We are now going to perform another paper-based exercise with stacks, to help you understand them and their operations.

Imagine you have an empty stack. Draw the stack after each operation below, and explain what, if anything is returned from each operation and any errors that might occur.

push (a), push (b), pop (), push (c), peek (), pop (), pop (), pop (), push (d), push (e), push (f), pop (), push (g), push (h), peek (), push (i), pop (), pop (), pop (), peek ().

Exercise 2: Designing a Stack and Linked List with Pseudocode

This exercise will allow you to think about the logic of stacks and linked lists using pseudocode, before you actually write real code. In two weeks' time, once you have learnt more Python programming, you will actually implement stacks and linked lists using real Python code.

Stack

First try writing, in a text editor, using pseudocode, the logic for implementing a stack.

The stack, in this case, will be implemented using an internal array of a fixed size (so the stack has a fixed capacity).

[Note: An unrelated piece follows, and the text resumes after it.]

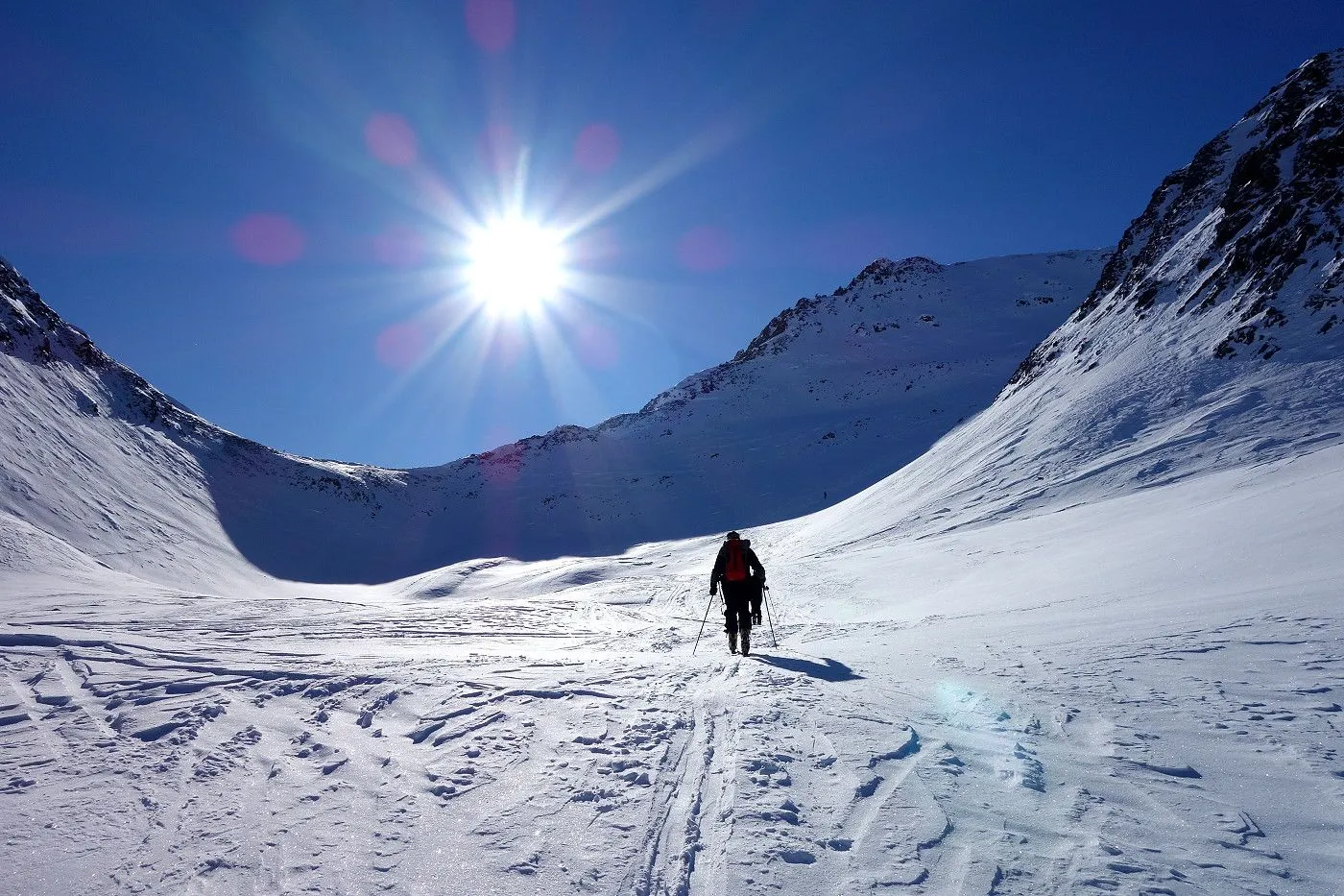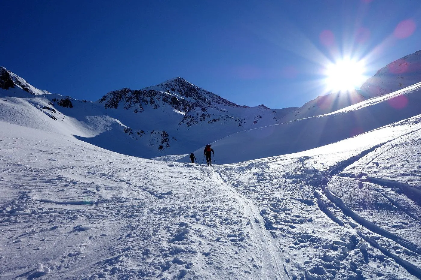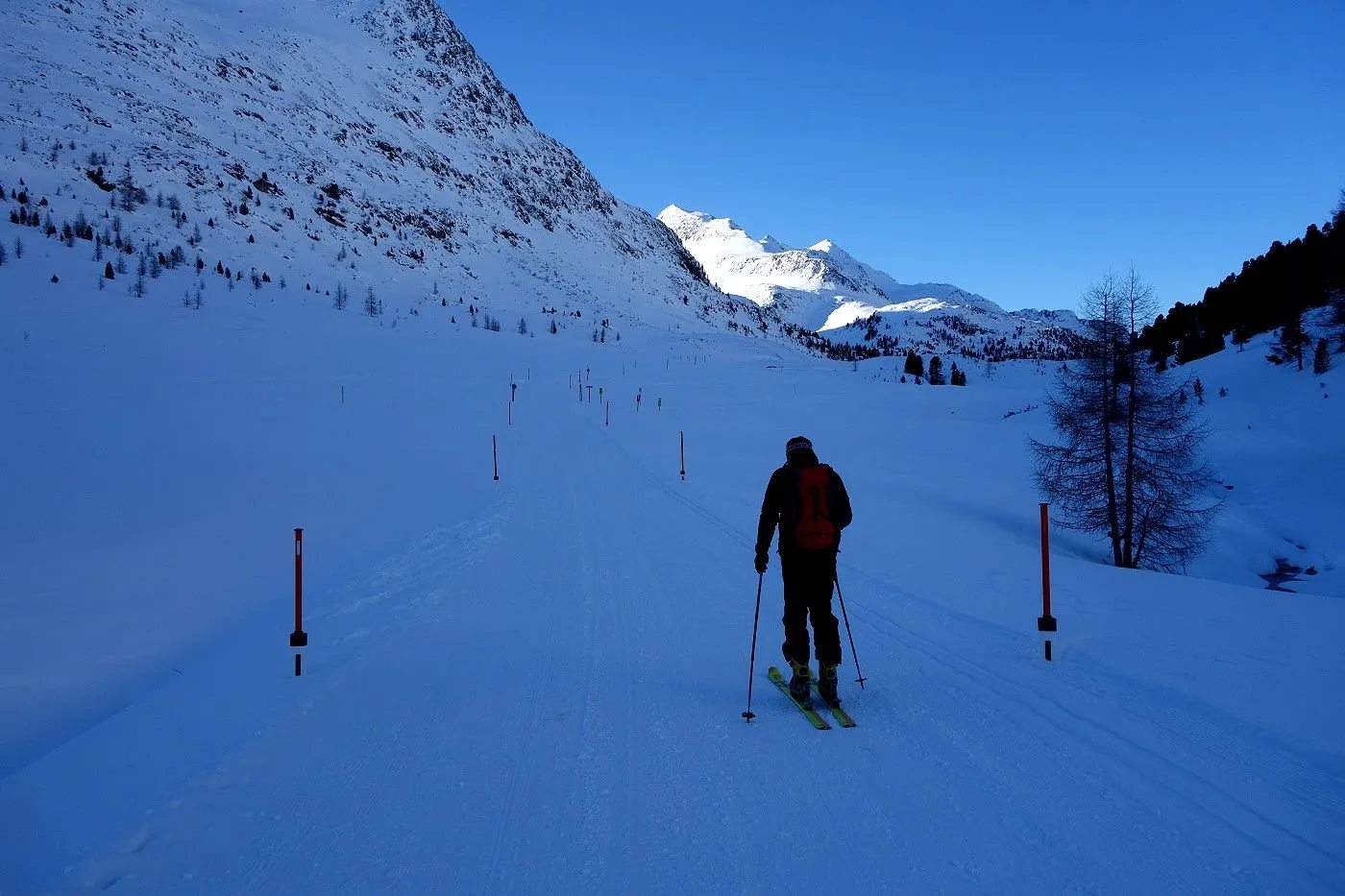 Die Abfahrt erfolgt zunächst in Anlehung zum Aufstieg. Auf Höhe 2570m hält man sich eher links und fährt über mäßig steile bzw. sogar sehr flache Hänge und Böden durch das Ackstal ab, bis man kurz vor dem Obersee auf die Langlaufloipe gelangt. Diese mehrmals querend abwärts bis zum Obersee und über die nichtgeräumte Passstraße mithilfe von Stockeinsatz und Skatingschritt zurück zum Ausgangspunkt.

This will not be the case for all stacks, but you can assume it will be in this case. The stack can be visualised as below, note the affect of the push and pop operations on the internal array.
The internal array will initially be empty: each position in the array will hold nothing (in Python this is represented by the value "None").
The push operation should add data to the next available space in the array.
The pop operation should remove data from the top of the stack, which should be the member of the array with the highest index containing data, and return it to the user. It should do this by setting the value to "None" and returning the data being popped.

To answer the question, consider and carry out the following:

As well as the array, what other variable will the stack need to hold, to implement the stack as described above?
Using pseudocode, describe the full logic of the push operation, including how it changes the variable mentioned in the last question.
Using pseudocode, describe the full logic of the pop operation, including how it changes that same variable.
What error checks must the push and pop operations include? Modify your pseudocode to include these error checks.

If you're struggling with the pseudocode, try writing higher-level pseudocode, without the use of variables, first. See the discussion on pseudocode above.

Linked List

Try writing, in a text editor, using pseudocode, the logic for implementing the "add" and "get" operations of a linked list.

The linked list will require two entities to implement it: a node, and the linked list itself.
The "add" operation should add a new item of data to the linked list.
The "get" operation should retrieve an item from the linked list, using its index (where 0 represents the first item in the linked list, 1 represents the second, and so on). It should return "None" if the index does not exist (e.g. index 2 is used when there are only two items, at indices 0 and 1, in the linked list).

To answer the question, consider and carry out the following:

Start with the "add" operation. To efficiently implement this (i.e. you want to avoid having to search all the way through the linked list to find its end) what variable does the linked list need to contain?
What other variable must the linked list contain to be able to implement the "get" operation?
Given these two variables, write the pseudocode for the "add" operation. Do you need to do anything special if the list is empty, as it will be initially?
Now write the pseudocode for the "get" operation. Is this efficient, compared to an array or list?
Can you think of any steps you can take to make the "get" operation a little more efficient?

Advanced: write pseudocode for a third operation, "insertAt". This should insert a node into the linked list containing some data, after a given index. So if index 2 is specified, the node would be added after index 2.

If you're struggling with the pseudocode, try writing higher-level pseudocode, without the use of variables, first, as described above.